**GOAL OF THE EXERCISE:** Word for word, restate the entries below, but exclude the images.

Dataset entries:
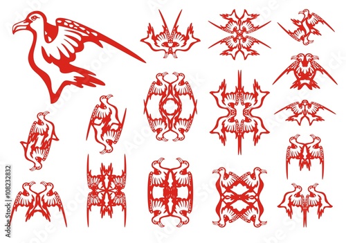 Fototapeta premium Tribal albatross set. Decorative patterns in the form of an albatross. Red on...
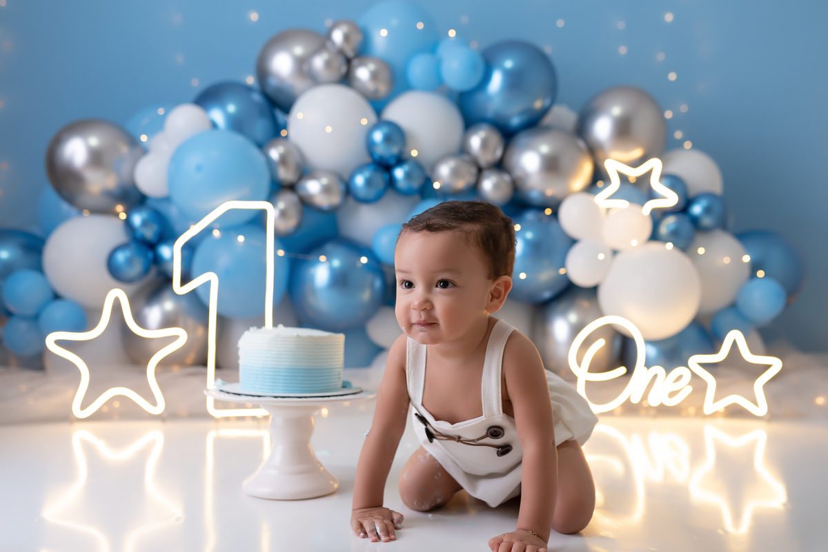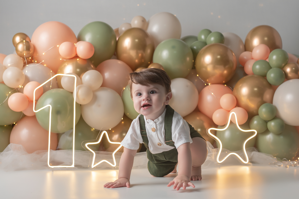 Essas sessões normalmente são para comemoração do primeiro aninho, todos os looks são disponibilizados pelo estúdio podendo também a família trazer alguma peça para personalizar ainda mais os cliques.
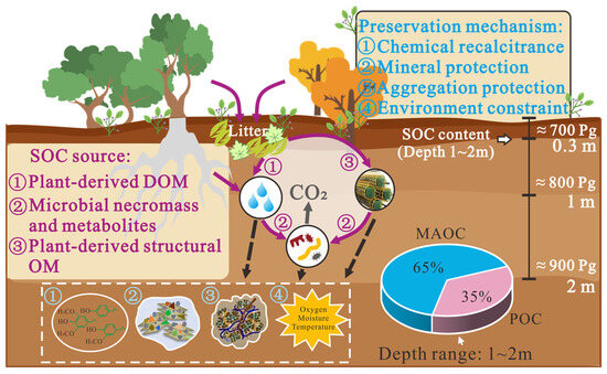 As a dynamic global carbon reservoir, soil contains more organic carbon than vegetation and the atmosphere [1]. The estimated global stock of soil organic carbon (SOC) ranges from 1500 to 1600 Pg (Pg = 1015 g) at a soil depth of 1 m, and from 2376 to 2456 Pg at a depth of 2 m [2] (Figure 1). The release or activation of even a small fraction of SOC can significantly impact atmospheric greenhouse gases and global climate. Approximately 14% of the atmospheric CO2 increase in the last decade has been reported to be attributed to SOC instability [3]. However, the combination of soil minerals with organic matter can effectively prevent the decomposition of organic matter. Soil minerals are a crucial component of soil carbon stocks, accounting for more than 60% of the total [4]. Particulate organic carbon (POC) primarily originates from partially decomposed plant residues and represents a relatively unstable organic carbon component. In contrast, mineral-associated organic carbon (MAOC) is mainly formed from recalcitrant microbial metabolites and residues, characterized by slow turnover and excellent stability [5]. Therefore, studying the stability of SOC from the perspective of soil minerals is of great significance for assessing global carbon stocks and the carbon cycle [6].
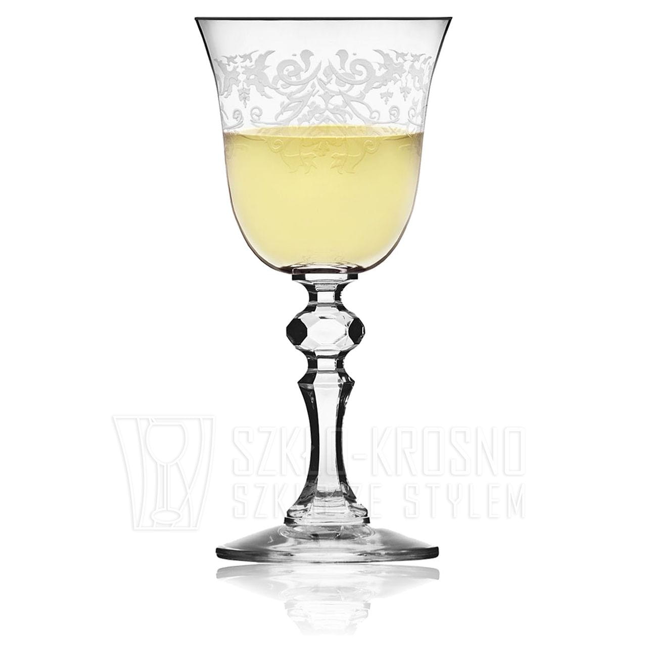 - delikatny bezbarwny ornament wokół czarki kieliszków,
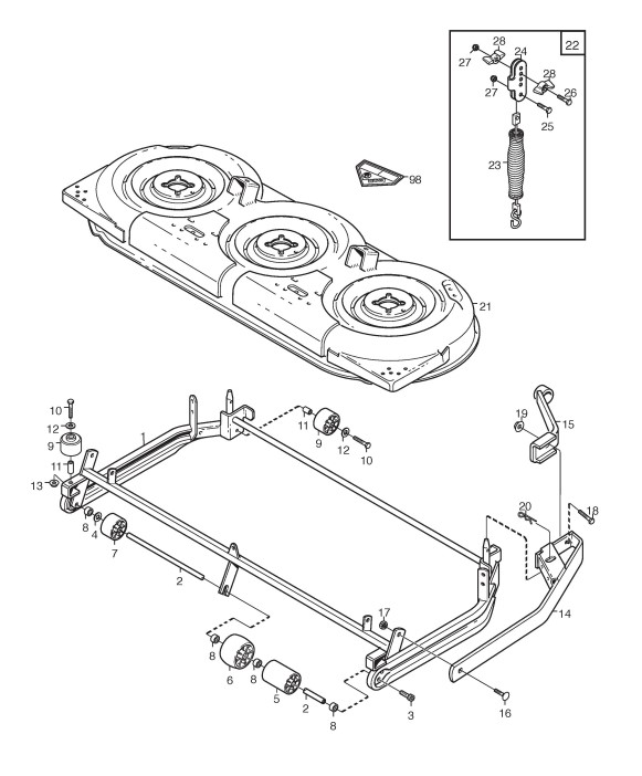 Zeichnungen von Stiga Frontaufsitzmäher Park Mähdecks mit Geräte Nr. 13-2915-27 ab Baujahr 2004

**SOLUTION BELOW:**
 Fototapeta premium Tribal albatross set. Decorative patterns in the form of an albatross. Red on...
 Essas sessões normalmente são para comemoração do primeiro aninho, todos os looks são disponibilizados pelo estúdio podendo também a família trazer alguma peça para personalizar ainda mais os cliques.
 As a dynamic global carbon reservoir, soil contains more organic carbon than vegetation and the atmosphere [1]. The estimated global stock of soil organic carbon (SOC) ranges from 1500 to 1600 Pg (Pg = 1015 g) at a soil depth of 1 m, and from 2376 to 2456 Pg at a depth of 2 m [2] (Figure 1). The release or activation of even a small fraction of SOC can significantly impact atmospheric greenhouse gases and global climate. Approximately 14% of the atmospheric CO2 increase in the last decade has been reported to be attributed to SOC instability [3]. However, the combination of soil minerals with organic matter can effectively prevent the decomposition of organic matter. Soil minerals are a crucial component of soil carbon stocks, accounting for more than 60% of the total [4]. Particulate organic carbon (POC) primarily originates from partially decomposed plant residues and represents a relatively unstable organic carbon component. In contrast, mineral-associated organic carbon (MAOC) is mainly formed from recalcitrant microbial metabolites and residues, characterized by slow turnover and excellent stability [5]. Therefore, studying the stability of SOC from the perspective of soil minerals is of great significance for assessing global carbon stocks and the carbon cycle [6].
 - delikatny bezbarwny ornament wokół czarki kieliszków,
 Zeichnungen von Stiga Frontaufsitzmäher Park Mähdecks mit Geräte Nr. 13-2915-27 ab Baujahr 2004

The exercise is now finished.